As ciências sociais utilizam o conceito para explicar mudanças de costumes da sociedade, como a moda e novos valores. Na saúde, para designar quando uma curva normal de contágio se transforma em epidemia.
O conceito tem sido empregado na questão ambiental. Alguns modelos experimentais preveem a substituição em grande escala da floresta amazônica por vegetação semelhante à savana até o final deste século. Uma vez atingido um certo nível de desmatamento, reduzem-se o ciclo de chuvas e a umidade da floresta, ampliando ou produzindo incêndios. Aumentam os eventos climáticos e o ritmo de degradação acelera, não sendo possível regenerar o bioma.
O cientista Carlos Nobre acredita que a floresta amazônica está chegando no ponto de não retorno, pelas secas prolongadas, pela temperatura média mais elevada e pelo comportamento das espécies – as mais adaptadas ao clima seco prosperam, enquanto as de clima úmido morrem em ritmo recorde.
Também se usa esse conceito na criminalidade urbana. A julgar pelo crescimento das milícias no Rio de Janeiro e também em São Paulo, há razões para temer a existência de um ponto de não retorno. Pesquisadores apontam a atuação das milícias em todo tipo de atividade: de proteção a serviços públicos. Áreas verdes são desmatadas para loteamento e construções. Há sinais de infiltração em instâncias do poder público e associação com o narcotráfico.
Na economia há também aplicação do conceito de ponto de não retorno. Mudanças bruscas de expectativas dos agentes econômicos podem ocorrer em função de alguma informação nova ou nível crítico atingido por alguma variável econômica relevante (threshold).
Ataques especulativos contra a moeda de um país – como os da década de 1990 no Brasil, quando o câmbio era controlado –, podem decorrer de avaliação de investidores de que o estoque de reservas internacionais atingiu nível crítico e o banco central não teria mais como defender a moeda.

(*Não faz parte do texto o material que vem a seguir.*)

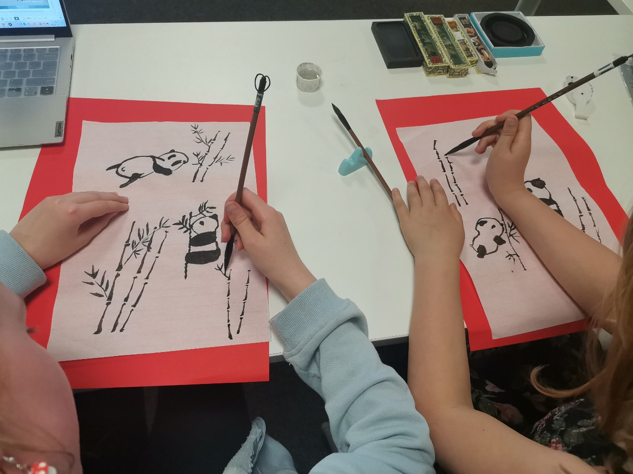 练习完汉字后,本着书画同源的理念,雷雪婷给大家普及了一些国画的小知识,并带着大家学习了竹子和熊猫的画法和技巧,孩子们都非常喜欢熊猫,看到熊猫的照片都很兴奋,有的照着例图画出了可爱的熊猫竹子,有的天马行空,创作出完全属于自己的熊猫世界。两位老师在一旁不断鼓励大家,最终每个人都画出了憨厚可爱又充满童真的熊猫作品。大家纷纷和自己的书画作品合影留念,本次活动也在一片温馨的氛围中结束。
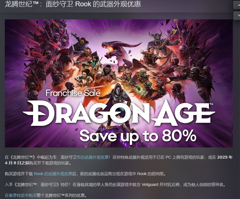 【《龙腾世纪:影障守护者》PC版更新免费武器包】BioWare为《龙腾世纪:影障守护者》PC版推出了免费武器外观包“Rooks套装”,Steam玩家在4月8日前购买游戏即可领取。该作当前正在以5折149元的价格促销中,目前主机版更新计划仍未明确。此前,EA披露该作销量低于预期,并将BioWare团队重心转向《质量效应》新作,裁撤部分开发人员。为挽回玩家,游戏已加入3月PS+游戏目录。
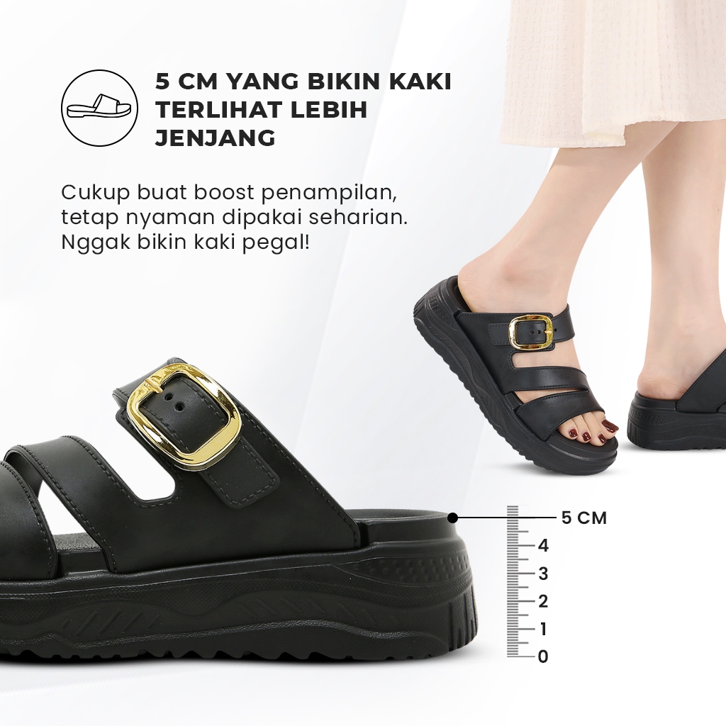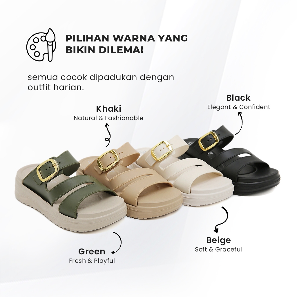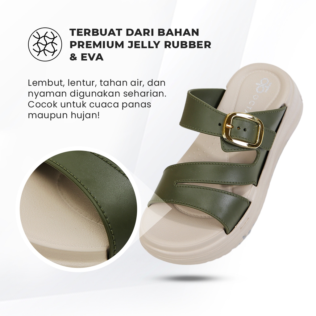 OCTAVIA Sandal Slide Slip On Eva Wanita Wedges 5cm with Belt Strap #OC-2366 FREE BOXq
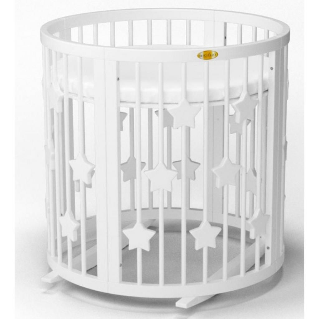 Овальне ліжечко-трансформер з зірочками легко трансформується в 11 потрібних і важливих предметів меблів:
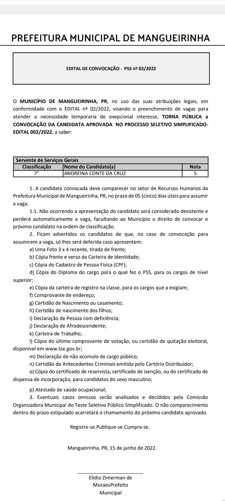 EDITAL DE CONVOCAÇÃO – PSS nº 02/2022 EM MANGUEIRINHA
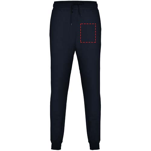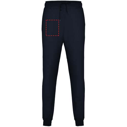 Sportinės kelnės su plačiu reguliuojamu juosmeniu, raišteliu, prigludusiais rankogaliais ant kojų, sustiprintomis siūlėmis, šoninėmis kišenėmis ir kampine užpakaline kišene su dygsniuotu vaizdu. Nuimama etiketė.
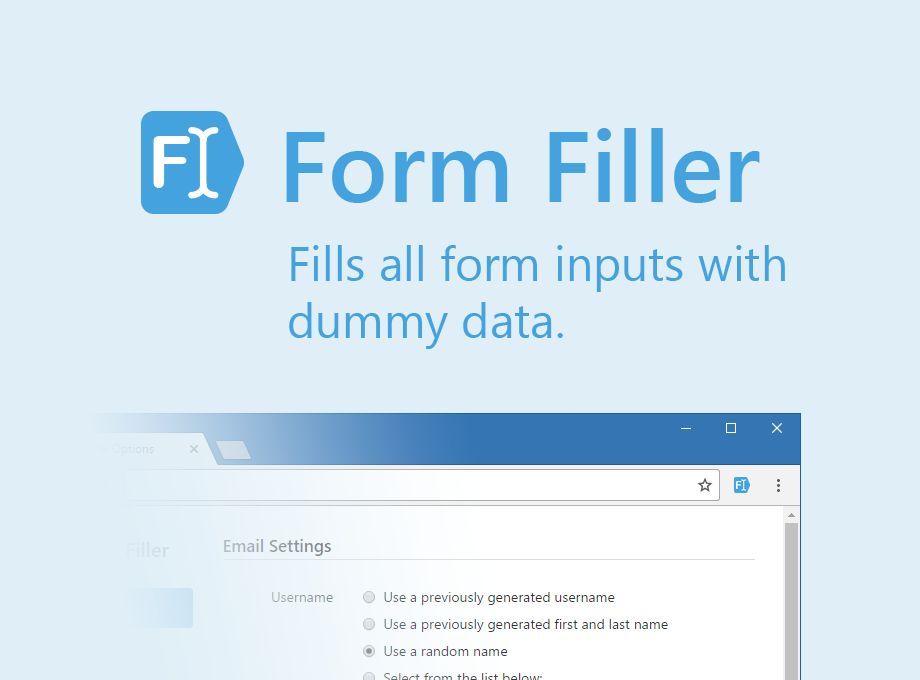 The Form Filler extension allows you to fill all form inputs (textboxes, textareas, radio buttons, dropdowns, etc.) on a page with random/dummy data. The purpose of this extension is to help developers test their forms quickly and easily by eliminating the need to manually type text in input boxes, select dropdown values, and so on. It is smart enough to kno… See more
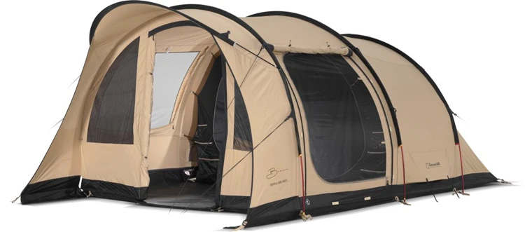 De tunneltent is uitgerust met twee slaapruimte, ieder geschikt zijn voor twee personen. Deze slaapcabines zijn verduisterd en hebben een lengte van 230 cm. De wegritsbare scheidingswand zorgt voor een flexibele indeling van deze slaapcabines.
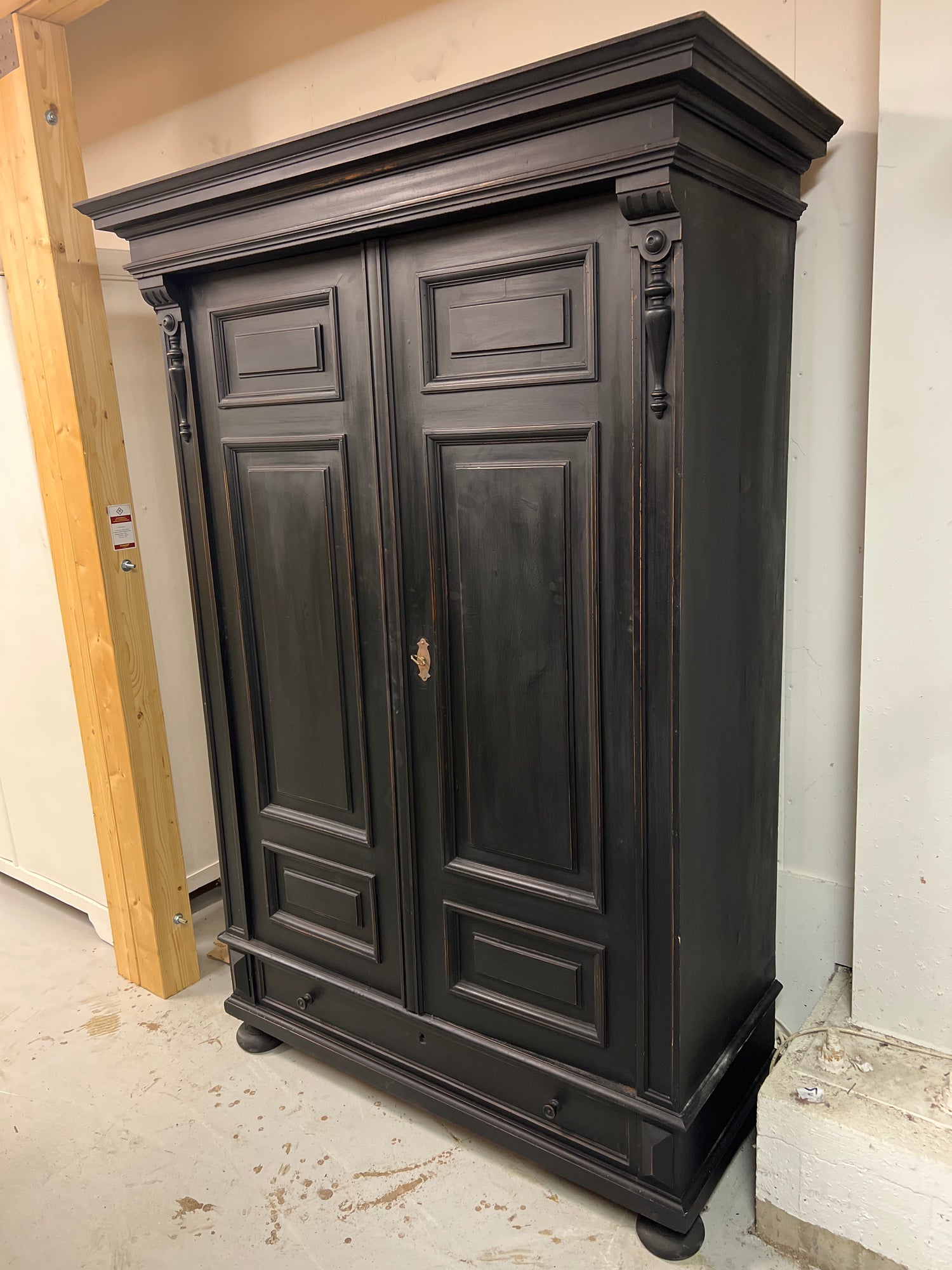Hieno musta vaatekaappi! Kaappi toimii todella hienosti ja on suoraan käyttöön valmis. Kaapissa on iän tuomaa patinaa ja kulumaa. Kaappi on tukuva, jämäkkä ja hajuton😍 Tästä olkaa hyvä👍

No início do processo de impeachment de Dilma, houve relativamente rápida reversão de tendência e alívio de expectativas inflacionárias e de confiança de empresários, por conta da perspectiva de correção da política econômica.
No contexto atual, a percepção sobre o compromisso com a disciplina fiscal pode ser gatilho para mudanças bruscas de expectativas. As projeções de inflação e taxa Selic estão bem comportadas – 3,1% e 2,75%, respectivamente em 2021 –, e refletem o cenário básico dos analistas, que certamente têm como hipótese central a manutenção da regra do teto. É provável que estejam reduzindo a probabilidade desse cenário, em função dos sinais de baixa convicção de Bolsonaro com a disciplina fiscal. Se, por alguma informação nova, se convencerem que o teto será furado, atualizarão suas projeções e utilizarão um cenário alternativo. As mudanças nas projeções poderão ter saltos.
O mesmo vale também para a disposição de investidores de financiar a dívida pública, que poderá se reduzir mais rapidamente.
Não à toa o Banco Central faz seus alertas sobre o problema fiscal. Mudanças de cenários podem ser bruscas.
Não se sabe ao certo quando um ponto de não retorno será atingido. Geralmente se percebe quando é fato consumado, pela mudança de regime. Correções de rumo tornam-se mais difíceis ou mesmo impossíveis.
Em vários aspectos, o Brasil está em situação crítica. A falta de informações e de transparência – não há dados confiáveis sobre o dano ambiental e não há dados consolidados e amplos de segurança pública – e a negação dos problemas pelo poder público sugerem que estamos brincando na beira do precipício com olhos vendados.
É necessário um ponto de não retorno também da sociedade, mudando seu comportamento e dando um basta.